Frank, Samuel. “Treatment of Huntington’s Disease.” Neurotherapeutics, vol. 11, no. 1, 24 Dec. 2014, pp. 153–160, www.ncbi.nlm.nih.gov/pmc/articles/PMC3899480/, https://doi.org/10.1007/s13311-013-0244-z.
Gatto, Emilia M., et al. “Huntington Disease: Advances in the Understanding of Its Mechanisms.” Clinical Parkinsonism & Related Disorders, vol. 3, no. 2590-1125, 2020, p. 100056, https://doi.org/10.1016/j.prdoa.2020.100056.
Rojas, Natalia Gonzalez, et al. “Review of Huntington’s Disease: From Basics to Advances in Diagnosis and Treatment.” Journal of Neurology Research, vol. 12, no. 3, 22 Oct. 2022, pp. 93–113, www.neurores.org/index.php/neurores/article/view/721/701#s6, https://doi.org/10.14740/jnr.v12i3.721.

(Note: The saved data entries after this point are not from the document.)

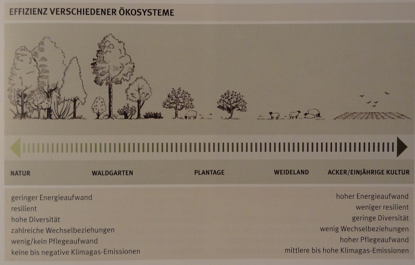 In feuchten, gemäßigten Klimazonen ist der Entwicklungshöhepunkt der Vegetation (Klimax) eine Waldlandschaft oder ein Wald. Das heißt, wenn Sie auf einem Stück Land nicht eingreifen, dann wird es mit der Zeit zu einem Wald: Die natürlichen Kräfte entwickeln die Landschaft aktiv hin zu einer Waldlandschaft. Je weiter Ihr landwirtschaftliches oder gartenbauliches System von einem Wald entfernt ist, desto mehr Energie ist zu seiner Erhaltung notwendig und desto gestörter und entfernter ist dieses System von einem über Lange Zeit nachhaltigen biologischen Zustand. Daher erfordern Felder und jährlich bewirtschaftete Flächen die meiste Energie, Weideland etwas weniger und Obstplantagen-Systeme noch weniger. Natürlicher Wald benötigt keine menschliche Energie zu seiner Erhaltung, er kümmert sich um sich selbst. Waldgärten liegen hier zwischen Plantagen und natürlichem Wald und bilden demnach ein System zur Erzeugung nützlicher Produkte mit einer der niedrigsten erforderlichen Energieaufwendungen.“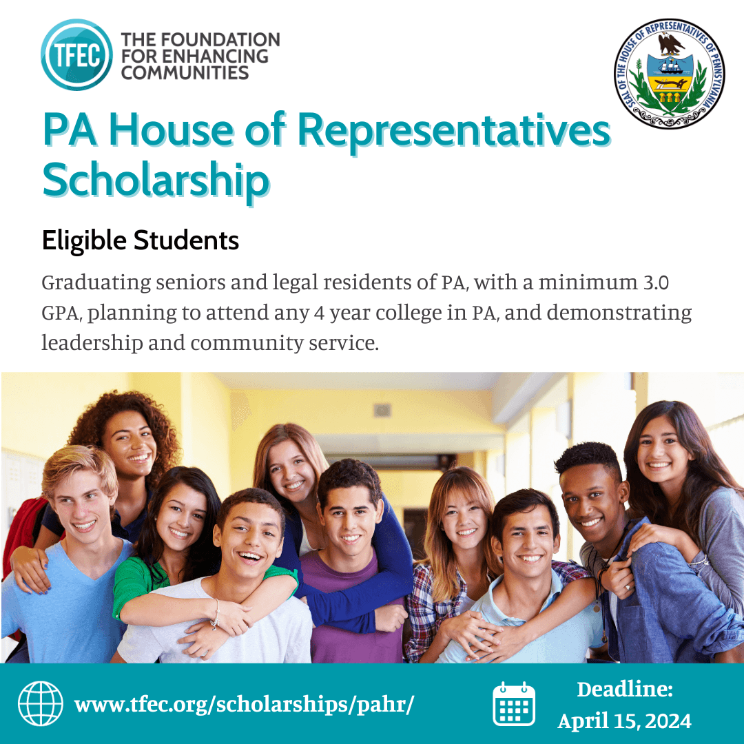 Applications are now open for the PA House of Representatives Scholarship Program, administered by The Foundation for Enhancing Communities.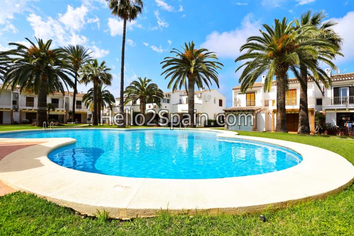 This 2-bedroom townhouse has been owned since 2004 by the current owner. With two double bedrooms, two bathrooms, open plan lounge kitchen diner, communal swimming pool, private terrace, walking distance to the beach and bars and restaurants and supermarkets.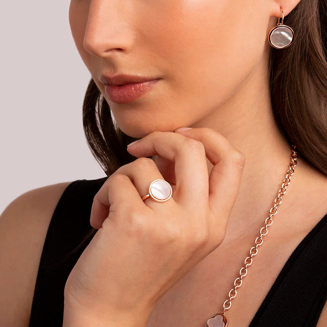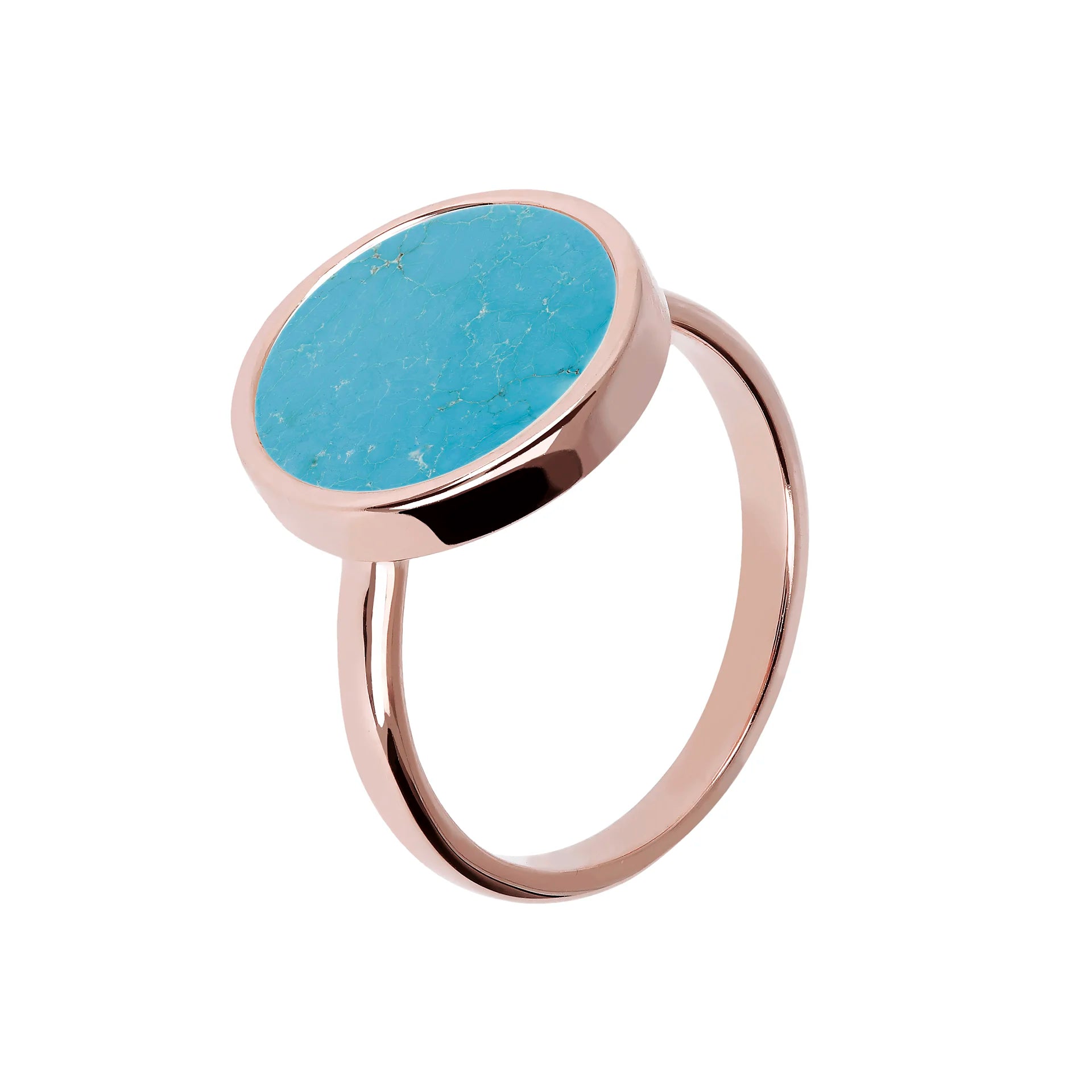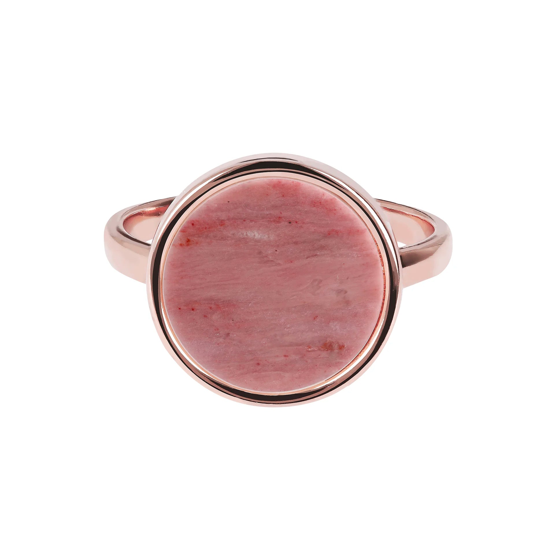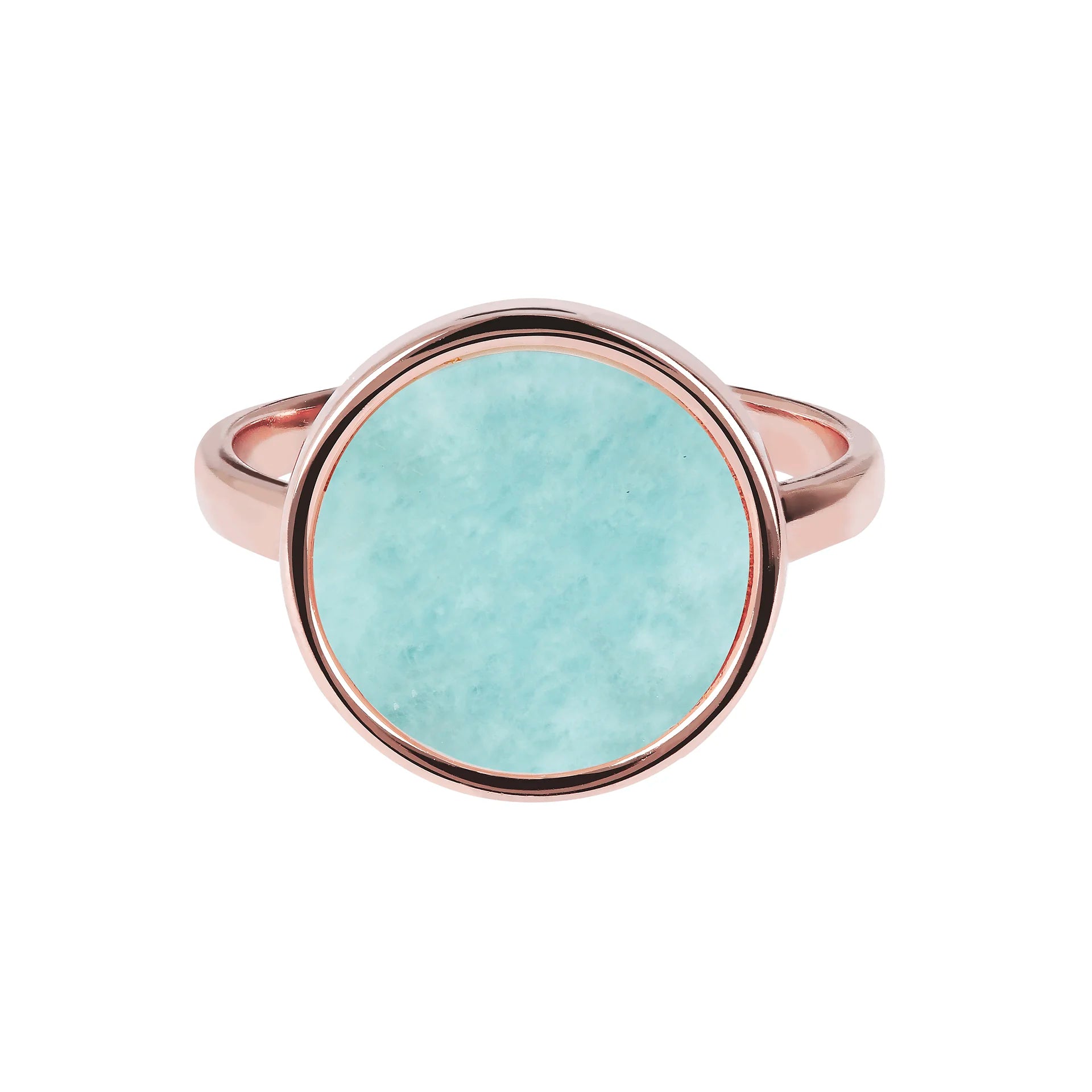 Bronzallure-Cocktailring aus einer Golden-Rosé-Legierung, 18-karätig rosévergoldet, verziert mit einem runden (1,2 cm) in der Mitte positionierten Naturstein in leuchtenden Farben.

Huntington's Disease Society of America. “Therapies in Pipeline | Huntington’s Disease Society of America.” Hdsa.org, 2017, hdsa.org/hd-research/therapies-in-pipeline/.
Singh, Kuldeep, et al. “Emerging Pharmacological Approaches for Huntington’s Disease.” European Journal of Pharmacology, vol. 980, 1 Oct. 2024, pp. 176873–176873, https://doi.org/10.1016/j.ejphar.2024.176873.
Gaither, Katherine. “Breakthrough in Huntington’s Disease Treatment Shows Unprecedented Results for Patients - Heersink School of Medicine News.” Uab.edu, 3 Oct. 2025, www.uab.edu/medicine/news/neurology/breakthrough-in-huntingtons-disease-treatment-shows-unprecedented-results-for-patients.